• P is a convex, near regular 2023-sided polygon.
• Precisely 2022 of its sides have length 1, but the remaining side has a length different from 1.
Determine the maximum area of the polygon.
Let X_1 be the polygon with the greatest area, with L being the length of the divergent side.
Construct a congruent polygon X_2. Lay X_1 and X_2 beside each other so that the divergent sides (both of length L) are aligned. This gives a 4044 sided regular polygon.
If follows that the area of X_1 is one half the area of a 4044 sided regular polygon.
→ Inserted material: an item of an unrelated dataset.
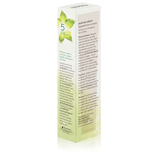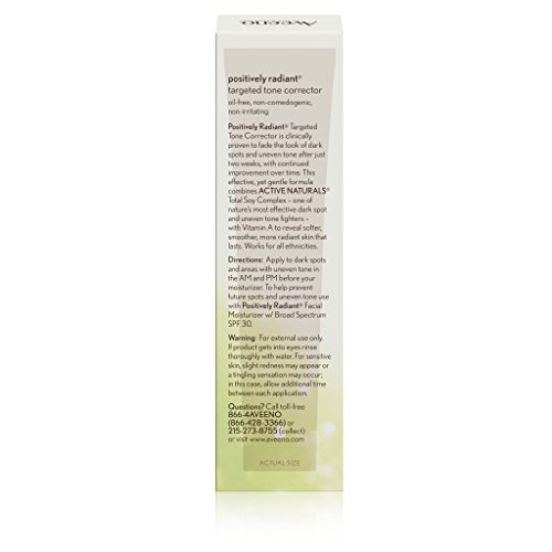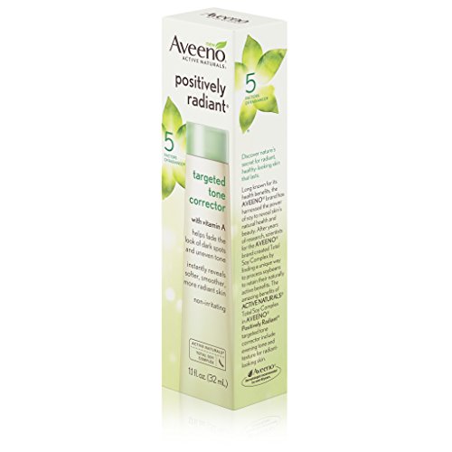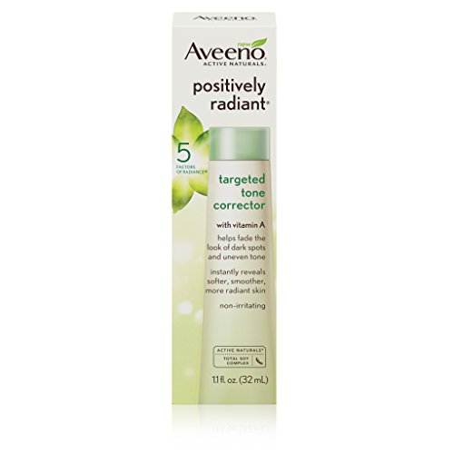 -. Binding : Health and Beauty -. Brand : Aveeno -. EAN : 0381371157464 -. Feature : 1.1-fluid ounce tube of tone corrector / Helps fade the look of stubborn brown spots in just 2 weeks / Leaves your skin looking healthier, smoother, and more radiant / Non-irritating formula help even skin tone / ACTIVE NATURALS Total Soy Complex and vitamin A helps fade the look of dark spots -. Label : Aveeno -. Manufacturer : Aveeno -. NumberOfItems : 1 -. PackageQuantity : 1 -. ProductGroup : Pantry -. ProductTypeName : BEAUTY -. Publisher : Aveeno -. Studio : Aveeno -. Title : Aveeno Positively Radiant Targeted Tone Corrector, 1.1 fl. oz. -. UPC : 381371157464

That was the insight. Now for the calculation:
Let Y be a 4044 sided regular polygon with side length 1. Let Z be the circle circumscribing Y. Let W be the triangle with vertices at U (= the centre of Z) and any two adjacent points of the polygon. The angle W measured at U is v = 2 pi / 4044. Then sin( v/2 ) = (1/2) / r, where r is the radius of the circle. So r = 1/2 csc (v/2), and the area of W is given by
K_T = (1/2) * 1 * r cos (v/2) = (1/4) cot (v/2).
The area of the polygon is one half the area of 4044 such triangles
K_P = (1/2) 4044 (1/4) cot (pi / 4044) = (1011 / 2) cot (pi / 4044)
= 505.5 * (1287.245) = 650702 (near enough)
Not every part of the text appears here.